The story of risk profiling in Australia is a good illustration of the “I know nothing” approach that puts investors’ interests second. After 17 years of share and property market growth, many Australian investors had a lesser notion of conservative investing than might have been expected, given their risk tolerances and risk capacity. FinaMetrica’s analysis of its Australian database suggests that often there is a significant difference in the riskiness of the asset allocation recommended and the client’s risk tolerance.

Those drawing down on their assets to produce a living are likely to have little ability to recover their losses. Their only options are a significant lifestyle change, such as returning to work, or limiting spending. There is no doubt that there will be a wall of bitter criticism when the media discovers that many pensioners were unprepared for the negative impact on their portfolios and consequent retirement plans.

Academic research shows that the vast majority of risk-profiling questionnaires are both dangerous and inherently flawed. They conflate risk needed to achieve goals with risk tolerance and in so doing depersonalise the most important decision an investor needs to make: how much risk they accept in their financial plan.

Over the last few months I have spoken with a number of influential people in the financial services industry about the current state of both investment markets and financial planning. Most refuse either to acknowledge the gravity of the situation or to take any personal responsibility for it.

They usually end our conversation by saying something like, “I was simply doing my job” or “my first priority is to my shareholders”. Other typical comments when discussing risk profiling are: “It’s not my responsibility; it’s not in my job brief.”

“It takes too long to do risk profiling properly.”

“We simply couldn’t suggest that there was a correct way to assess an individual’s risk tolerance if along the way you might receive a commercial advantage.”

What actually was happening was similar to what occurred in the US. No-one was prepared to take personal responsibility. No-one was prepared to say that what was going on was wrong. The agenda set by the regulators was all that the planning industry needed to achieve. That the standard was poorly articulated, wrong and inconsistent was never questioned.

“We will do only that which is asked of us directly” was the prevailing approach. So what is the way forward? The key, as ever, is to pre-empt the regulatory onslaught. One good place to start is ISO 22222, the international standard for financial planning, which provides a robust and well-thought-through process to deliver client-centric financial plans.

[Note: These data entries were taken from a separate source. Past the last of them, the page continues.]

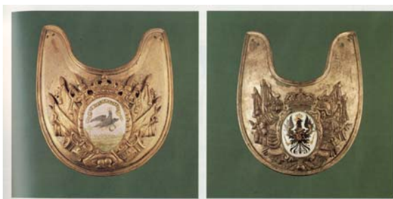
Foto 12a. Ryngrafy pruskie z lat 1713–1806, reprodukcja z publikacji: K.-P. Merta, Die Uniformierung... , op. cit., s. 25
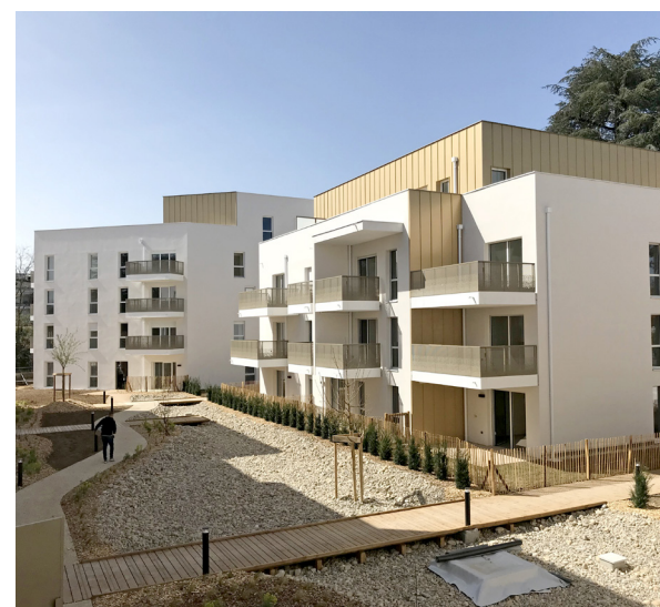
SPHERE - Tassin-la-Demi-Lune - Livré en 2025

VINCI Immobilier compte parmi les intervenants économiques majeurs d'Auvergne Rhône-Alpes, avec des réalisations qui font référence.
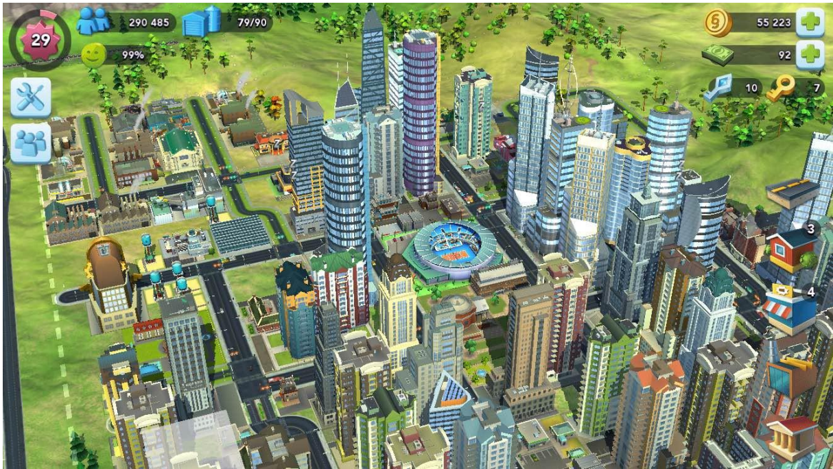
Slika 6. Prikaz slike iz igre SimCity

Dobar primjer može biti popularna igra SimCity. Igru je izvorno dizajnirao Will Wright, a radi se o videoigri u kojoj se gradi grad. Dakle, igrač u igri razvija grad iz puste površine. Sam kontrolira gdje smjestiti svoje razvojne zone, infrastrukturu poput bolnice, škola, cesta, elektrana itd. Igrač također određuje poreznu stopu, proračun, te socijalnu politiku. A taj grad naseljavaju simulirane osobe koje je stvorio sam igrač. Igra nema posebnih uvjeta da bi se pobijedilo u igri nego ravnoteža spomenutih čimbenika pruža ograničenja koja omogućavaju igranje. (Walker, 2006)
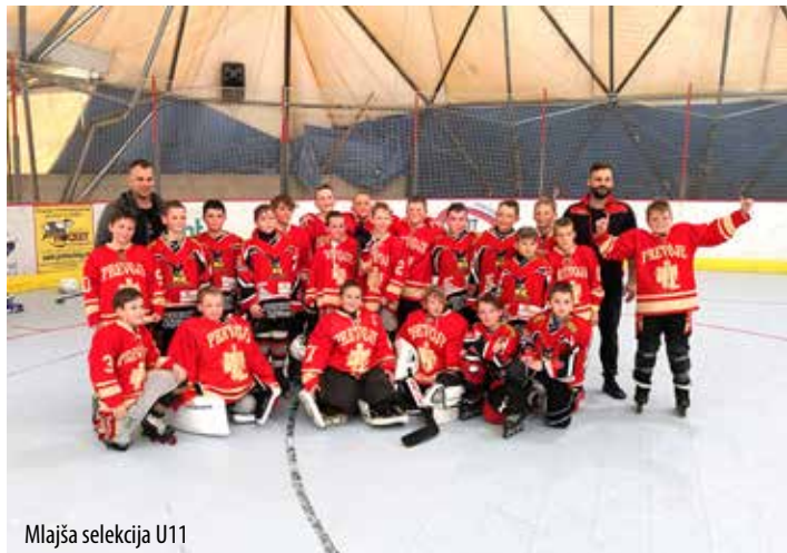
Mlajša selekcija U11
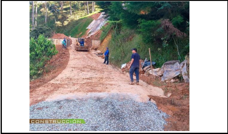
Mejoramiento vías terciarias, con construcción de placa huellas
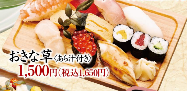
おきな草 〈あら汁付き〉 1,500円(税込1,650円)
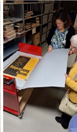
Die Eislebener Entscheidung: „1000 Jahre Eisleben“. Plakat von der UA 1960.
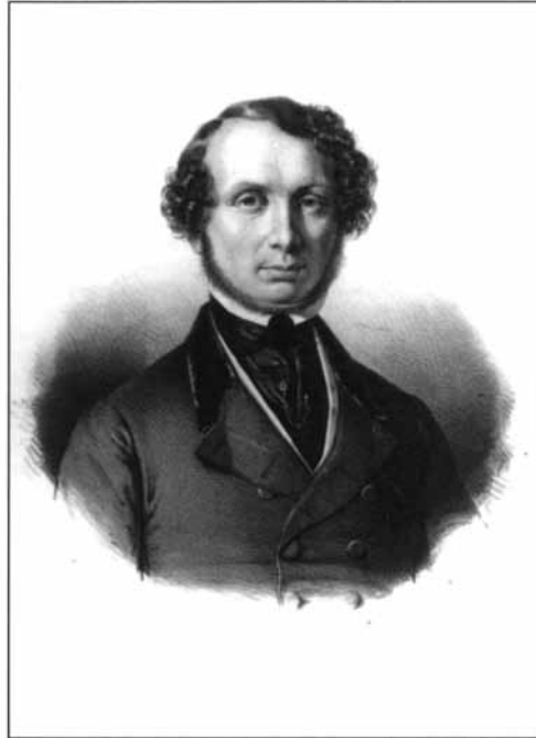
Hans Christian Lumbye
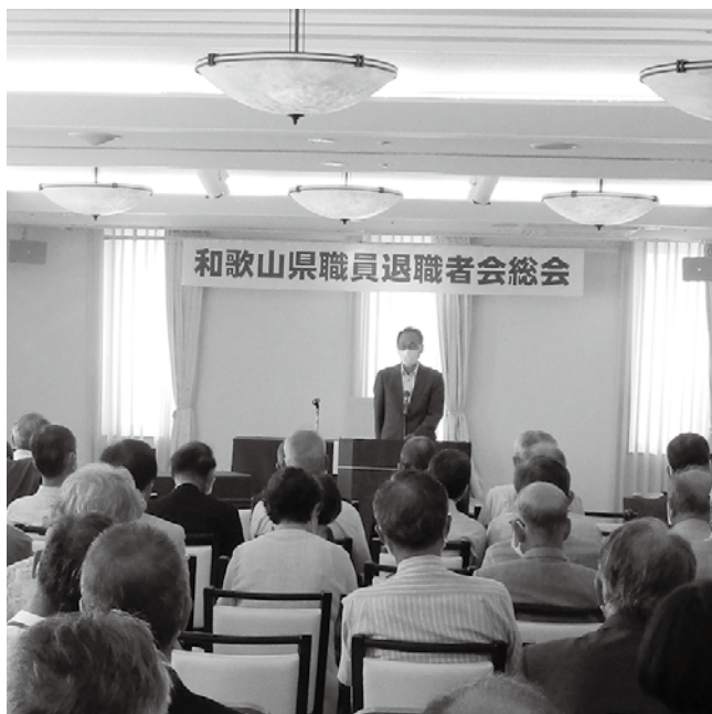
〈昨年の総会(令和4年5月27日)〉

場所 アバローム紀の国 和歌山市湊通丁北2丁目1-2 TEL : 073 - 436 - 1200
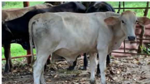
Figura 18. Becerro en día 90 después de la vacuna.
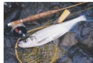
紅鱒鮭魚則釋河流、湖泊、水庫的常見對象魚。

至於西式毛鉤的美感，除前面提及的之外，也頗適合全家大小、男女老少，並藉由推廣它，來提倡全民戶外活動及環保紮根的工作，故西式毛鉤釣法實在是相當好的休閒運動。
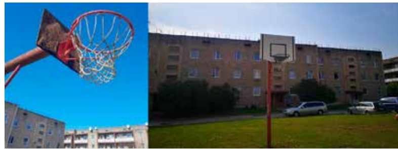
Atsaucoties iedzīvotāju lūgumam, daudzdzīvokļu māju iekšpagalmā atjaunots basketbola grozs ar vairogu.
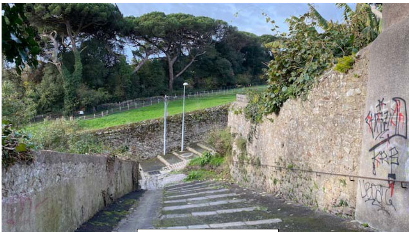
Vue sur le parc des Oblates – l'allée des soupirs

Coupé en deux sections, il est séparé par une clôture, puis renommé actuellement dans sa partie basse par une prolongation de la rue Joseph Cholet. Il présente une déclivité exceptionnelle de 15 cm par mètre.
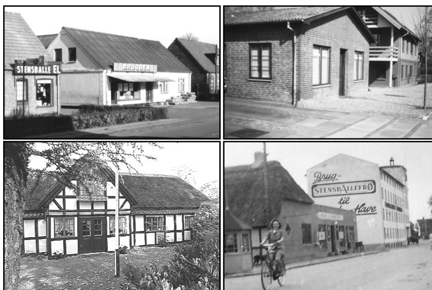
Øverst. Stensballe El, Brugsen og Smedien. Nederst. Kommunekontoret, Købmanden og Østergaards Frøavl.
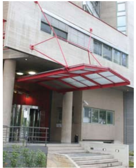
Τα γραφεία της ΜΟΔ βρίσκονται στην οδό Λ. Ρισανκούρ στην Αθήνα.

μικού Ελέγχου, Ειδικές Υπηρεσίες Διαχείρισης κλπ. και διαπιστώνεται πάντοτε η άριστη εφαρμογή των συστημάτων διαχείρισης και ελέγχου των έργων καθώς και η χρηστή οικονομική διαχείριση των πόρων.
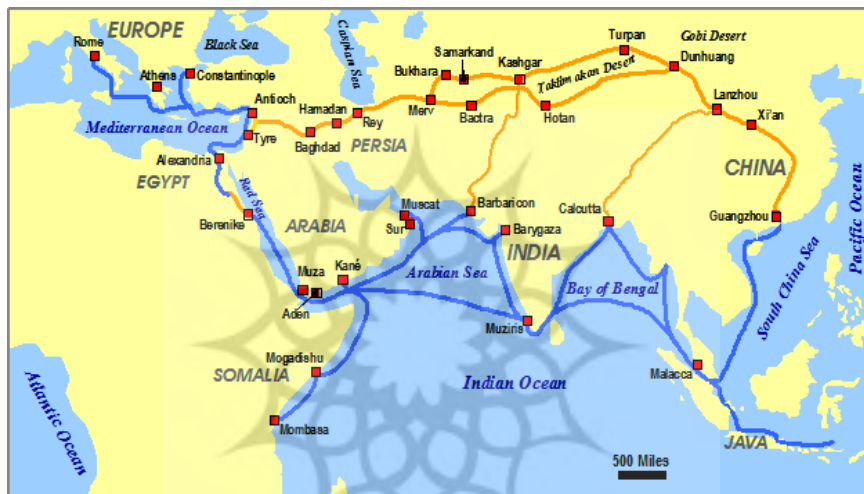
شکل ۲- مسیرهای فرعی جاده ابریشم نوین

اگرچه خط دریایی جاده ابریشم جدید به نوعی مسیر ترانزیتی خلیج فارس را از مسیرهای اصلی کنار می‌گذارد، اما به دلیل جایگاه این منطقه از حیث توزیع انرژی و جریان نقل و انتقال کالاها آن را در قالب مسیرهای فرعی می‌گنجانند (شکل ۲) و از این رو موقعیت ایران در این خط ارتقا می‌یابد؛ اما در خط زمینی، ایران به مثابه پل بزرگی میان شرق و غرب دارای اهمیت بوده و در صورت توجه به ویژگی‌های سیاسی و اقتصادی این دیپلماسی از جانب چین، ایران می‌تواند از جایگاه به مراتب مهم‌تری نسبت به قبل برخوردار شود.
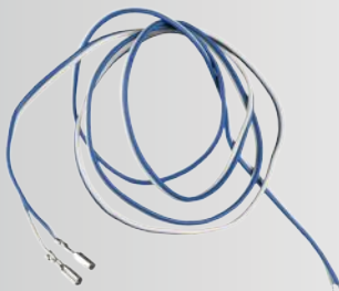
2-pol. Anschlusskabel mit Flachsteckhülse für Straßenbahngleis 2 pole power connecting with socket for tram track
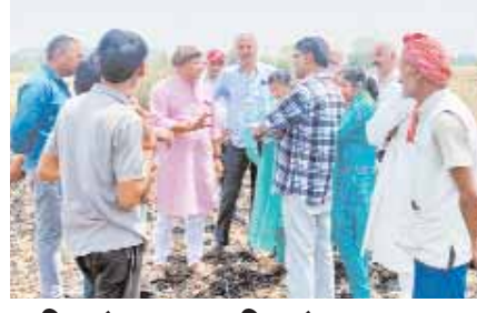
7 दिन में मुआवजा दिलाने का आश्वासन

जमी रहती है। पता नहीं कौन जिम्मेदार लोग नागौद की इस अति खराब ट्रैफिक व्यवस्था को सुधारने का श्रेय हासिल कर पाएगा।
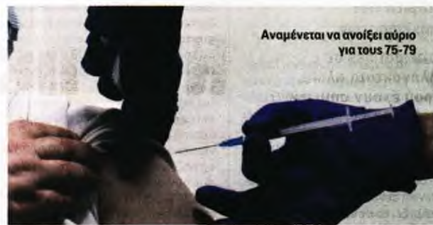
Αναμένεται να ανοίξει αύριο για τους 75-79

Μάλιστα, για την ηλικιακή ομάδα από 75 έως 79 έτη ο στόχος είναι να ξεκινήσει εμβολιασμός στις 15 Φεβρουαρίου, όπως είχε ανακοινώσει, την περασμένη Δευτέρα, στην εξ αποστάσεως-ενημέρωση των πολιτικών συντακτών, η αναπληρώτρια κυβερνητική εκπρόσωπος, Αριστοτελία Πελώνη.
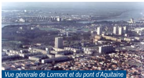
Vue générale de Lormont et du pont d'Aquitaine

Par sa situation géographique, entre fleuve et coteaux, Lormont fut d'abord un site défensif, un port puis un lieu de résidence et de villégiature. Aujourd'hui, Lormont compte près de 22 000 habitants. Sa superficie avoisine les 735 ha. Chef lieu de canton, Lormont est la 10 e commune de la Gironde. Représentative des
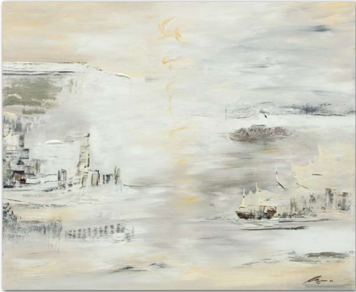
Sehnsucht 100 cm x 120 cm Acryl · 2006
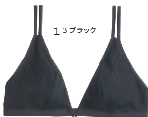
1 3 ブラック

タンガ初心者にもはきやすい独自のシルエット。フロントには二重の当て布がついて安心。バックスタイル
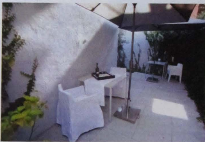
Simplicidade sofisticada Nesta casa as comodidades são dado adquirido

faz parte do serviço o convite a que se passeie e se desfrute da cidade, o que pode incluir uma visita ao Museu de Serralves, uma ida ao health club ou até o golfe. Tudo conforme as preferências dos hóspedes. Se achar que não encaixa nos três programas propostos ("Experiência Gastronómica", "Escapadela Romântica" e "Executivo"), a gerência está disposta a elaborar um programa mais à medida, para que nada falte aos hóspedes que ali cheguem de férias ou numa vinda ao Porto em trabalho.

Another significant complement to prescriptive regulation can be found in the UK’s “Treating Customers Fairly”, or TCF. We all have to hope that TCF, or something similar, will be introduced in Australia. TCF is about setting personal professional standards, not just ticking compliance boxes. Prescriptive regulation is never sufficient by itself. There has to be a higher moral obligation in play. In the end, each of us has to be prepared to stand up when things are obviously wrong. If we don’t, we deserve the regulation we get.

Paul Resnik is a financial service commentator and a director and co-founder of FinaMetrica.